Fluch oder Segen? – Feministische Debatten um Reproduktionstechnologien

Die Gestaltung von Reproduktion ist ein Kernthema von feministischen Auseinandersetzungen, die sich im Konfliktfeld zwischen staatlicher Bevölkerungspolitik, patriarchaler Kontrolle und weiblicher Selbstbestimmung bewegen. Bis heute werden permanent neue technologische Möglichkeiten zur Begleitung, Optimierung und Kontrolle von Reproduktion entwickelt. Dazu gehören nicht nur verschiedene Vorgänge der Befruchtung, sondern auch die technologisierte Begleitung der Schwangerschaft sowie schließlich der Geburt.

Diese Entwicklungen lös(t)en – gerade in feministischen Diskursen – zahlreiche Debatten aus: Auf der einen Seite wird argumentiert, dass Reproduktionstechnologien eine Befreiung von patriarchalen Strukturen ermöglichen können. Auf der anderen Seite wird in den Technologien das Potential einer Verstärkung ebendieser Machtstrukturen und der Ausbeutung weiblicher Körper erkannt.
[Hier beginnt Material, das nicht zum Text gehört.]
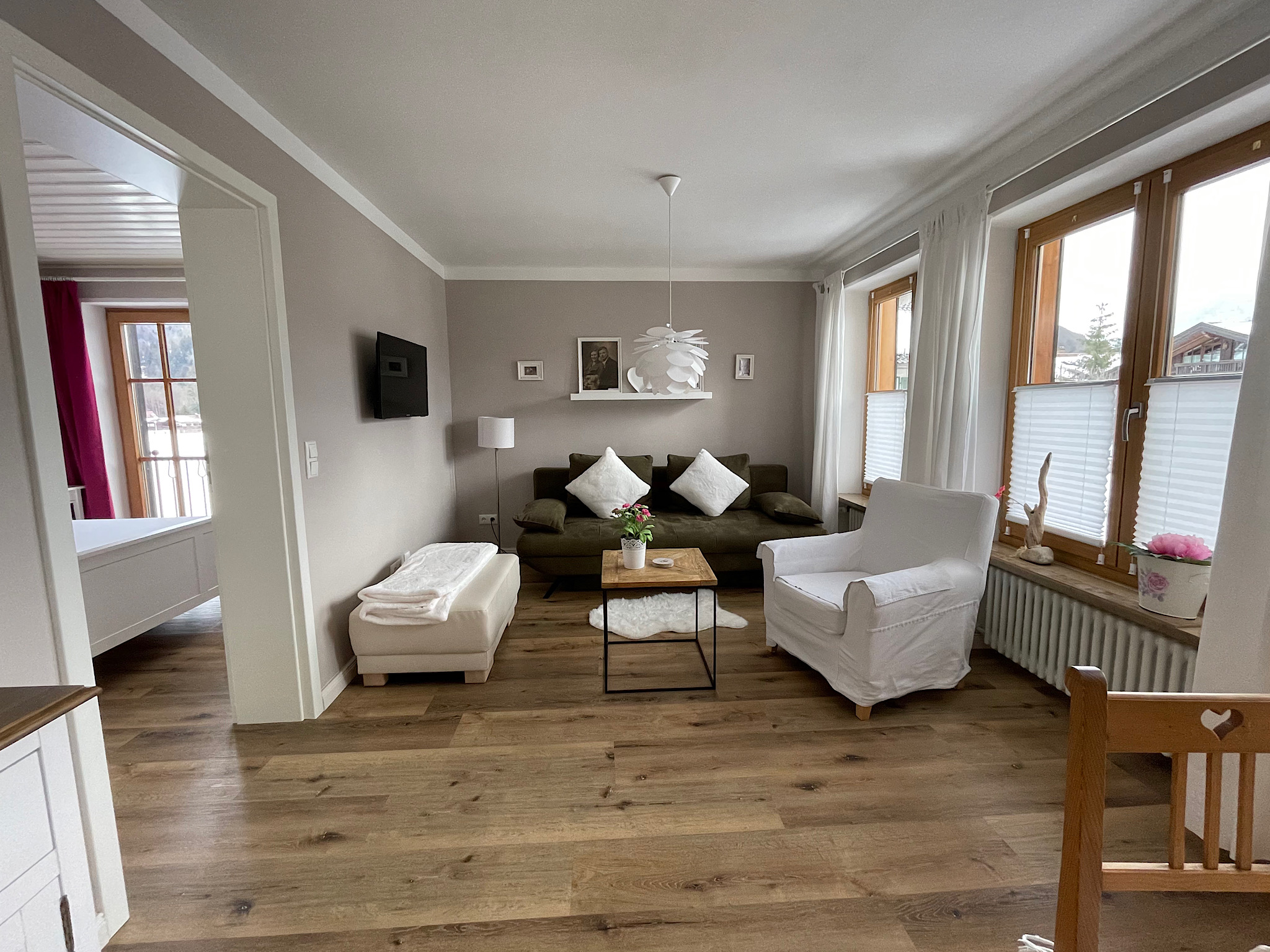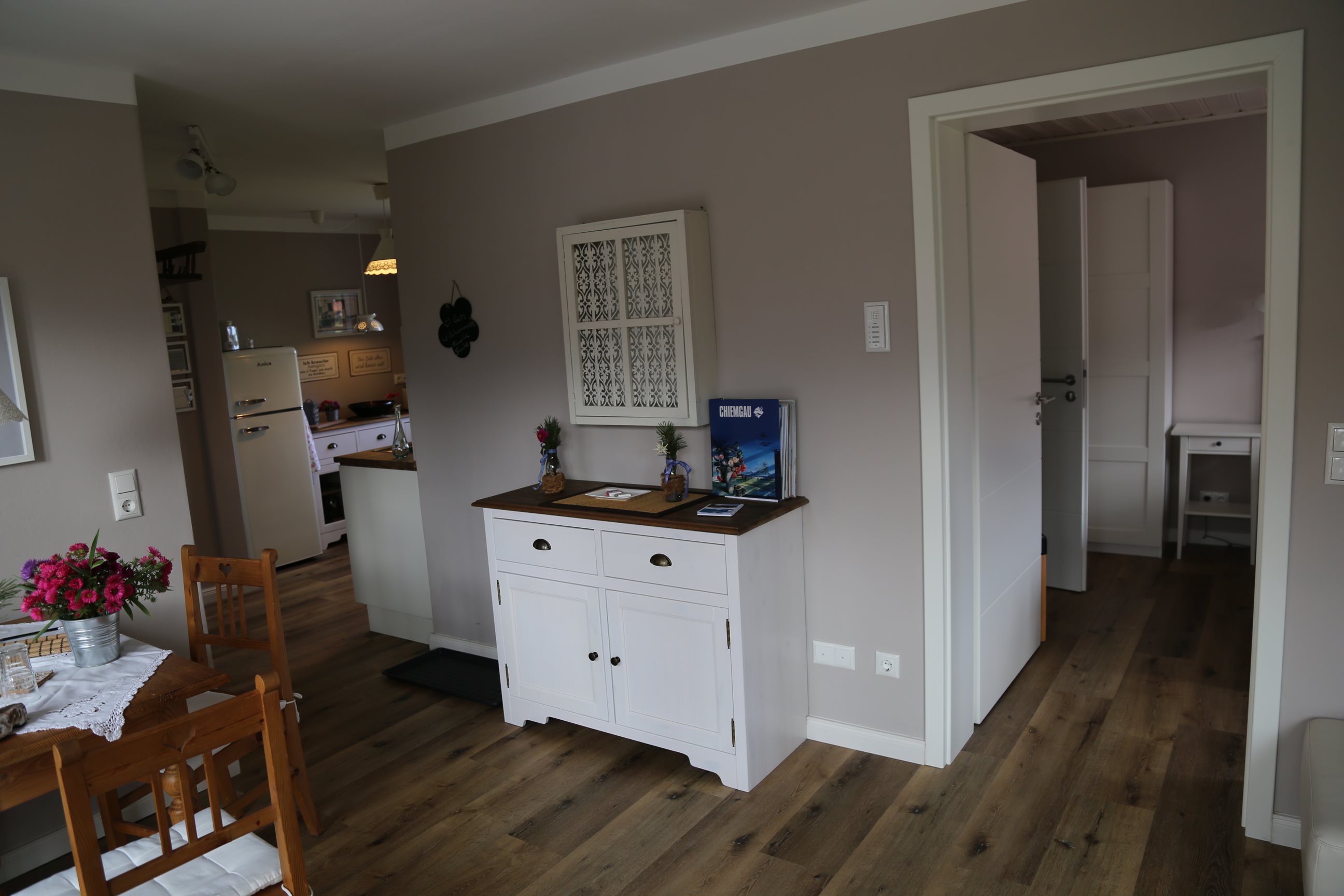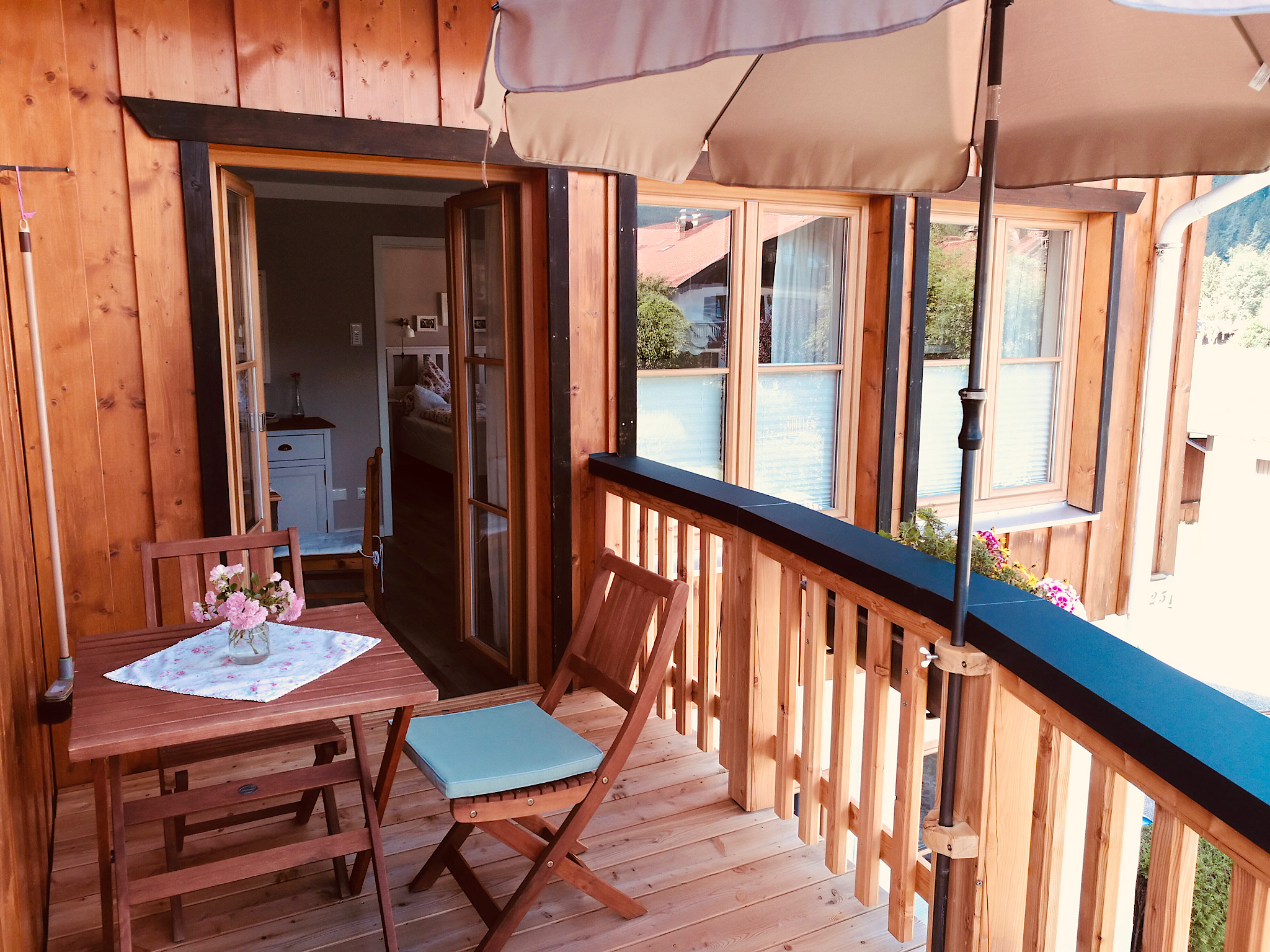 Liebevoll eingerichtete Ferienwohnung in ruhiger und zentraler Lage mit Blick auf den Rauschberg. Die Wohnung (45qm) ist gemütlich und verfügt über Balkon, Küche, Schlafzimmer, Wohnzimmer, kleines renoviertes Bad mit Dusche und WC. Zur Ortsmitte, Bushaltestelle, Bahnhof und Loipen sind es nur 5 Gehminuten. Einkaufsmöglichkeiten zu Fuß in 5 - 8 Minuten erreichbar, Bäckerei in 3 Minuten.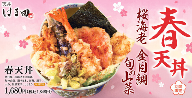 アークランドサービスホールディングス株式会社の子会社、とんかつ専門店「かつや」を展開している株式会社かつや(本社:東京都千代田区/代表:大内 勇一)は、2025年3月11日(火)より国内「天丼はま田」3店舗にて、期間限定メニュー「春天丼」を販売開始いたします。

Im ersten Block des AT stehen die Positionen von Theoretikerinnen und Aktivistinnen der zweiten Welle der Frauenbewegung im Fokus: In diesem Teil wollen wir untersuchen welches Verständnis von Natur und Technik den Theorien jeweils vorausgeht und die Relevanz für heutige Debatten diskutieren. Im zweiten Block sollen dann aktuelle (queer-)feministische Debatten um Reproduktionstechnologien im Vordergrund stehen und zu den zuvor besprochenen Positionen in Bezug gesetzt werden.

Es sollen u.a. Texte von S. Firestone, M. Mies, G. Corea, H. Hester, U. Kalender. C. Waldby und M. Cooper gelesen werden.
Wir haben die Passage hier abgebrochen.